You have a few options:

Mock the database

There are a few trade offs to be aware of.

Your tests will become more complex as you will have to do the setup, teardown and mocking of the connection. You may also want to do verification of the SQL/commands sent. It also tends to create an odd sort of tight coupling which may cause you to spend additonal time maintaining/updating tests when the schema or SQL changes.

This is usually the purest for of test isolation because it reduces a potentially large dependency from testing. It also tends to make tests faster and reduces the overhead to automating the test suite in say a continuous integration environment.

Recreate the DB with each Test

Trade offs to be aware of.

This can make your test very slow depending on how much time it actually takes to recreate your database. If the dev database server is a shared resource there will have to be additional initial investment in making sure each dev has their own db on the server. The server may become impacted depending on how often tests get runs. There is additional overhead to running your test suite in a continuous integration environment because it will need at least, possibly more dbs (depending on how many branches are being built simultaneously).

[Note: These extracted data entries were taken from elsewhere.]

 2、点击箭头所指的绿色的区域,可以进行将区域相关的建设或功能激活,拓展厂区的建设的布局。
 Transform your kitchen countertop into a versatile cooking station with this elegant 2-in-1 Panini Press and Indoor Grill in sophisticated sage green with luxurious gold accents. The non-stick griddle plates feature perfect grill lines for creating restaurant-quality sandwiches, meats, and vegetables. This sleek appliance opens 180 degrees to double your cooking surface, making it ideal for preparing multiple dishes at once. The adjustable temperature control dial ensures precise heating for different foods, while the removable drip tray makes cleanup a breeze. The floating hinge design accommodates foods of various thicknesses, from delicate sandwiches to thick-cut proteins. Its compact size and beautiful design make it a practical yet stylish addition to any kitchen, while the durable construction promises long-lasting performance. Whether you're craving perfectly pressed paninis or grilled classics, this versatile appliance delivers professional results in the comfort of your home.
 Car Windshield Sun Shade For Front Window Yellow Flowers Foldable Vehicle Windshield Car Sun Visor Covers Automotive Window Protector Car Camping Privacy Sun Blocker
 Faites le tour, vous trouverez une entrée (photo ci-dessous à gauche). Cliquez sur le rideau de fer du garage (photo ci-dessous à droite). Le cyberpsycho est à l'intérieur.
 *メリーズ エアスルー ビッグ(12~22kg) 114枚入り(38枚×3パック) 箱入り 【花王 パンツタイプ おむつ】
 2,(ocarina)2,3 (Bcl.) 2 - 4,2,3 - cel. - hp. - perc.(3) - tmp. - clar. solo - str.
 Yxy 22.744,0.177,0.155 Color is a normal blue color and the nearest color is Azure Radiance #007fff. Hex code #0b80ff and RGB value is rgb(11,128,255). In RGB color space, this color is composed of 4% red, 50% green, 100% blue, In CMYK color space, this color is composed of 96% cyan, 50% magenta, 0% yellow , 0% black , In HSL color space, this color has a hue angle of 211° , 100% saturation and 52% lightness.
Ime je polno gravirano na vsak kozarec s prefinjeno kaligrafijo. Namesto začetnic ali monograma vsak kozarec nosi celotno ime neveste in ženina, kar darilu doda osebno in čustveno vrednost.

The benefit has to do with actually running through the same code paths and similar resources that will be used in production. This usually helps to reveal bugs earlier which is always a very good thing.

ORM DB swap

If your using an ORM like SQLAlchemy their is a possibility that you can swap the underlying database with a potentially faster in-memory database. This allows you to mitigate some of the negatives of both the previous options.

It's not quite the same database as will be used in production, but the ORM should help mitigate the risk that obscures a bug. Typically the time to setup an in-memory database is much shorter that one which is file-backed. It also has the benefit of being isolated to the current test run so you don't have to worry about shared resource management or final teardown/cleanup.


Working on a project with a relatively expensive setup (IPython), I've seen an approach used where we call a get_ipython function, which sets up and returns an instance, while replacing itself with a function which returns a reference to the existing instance. Then every test can call the same function, but it only does the setup for the first one.

That saves doing a long setup procedure for every test, but occasionally it creates odd cases where a test fails or passes depending on what tests were run before. We have ways of dealing with that - a lot of the tests should do the same thing regardless of the state, and we can try to reset the object's state before certain tests. You might find a similar trade-off works for you.


Mock is a simple and powerfull tool to achieve some isolation. There is a nice video from Pycon2011 which shows how to use it. I recommend to use it together with py.test which reduces the amount of code required to define tests and is still very, very powerfull.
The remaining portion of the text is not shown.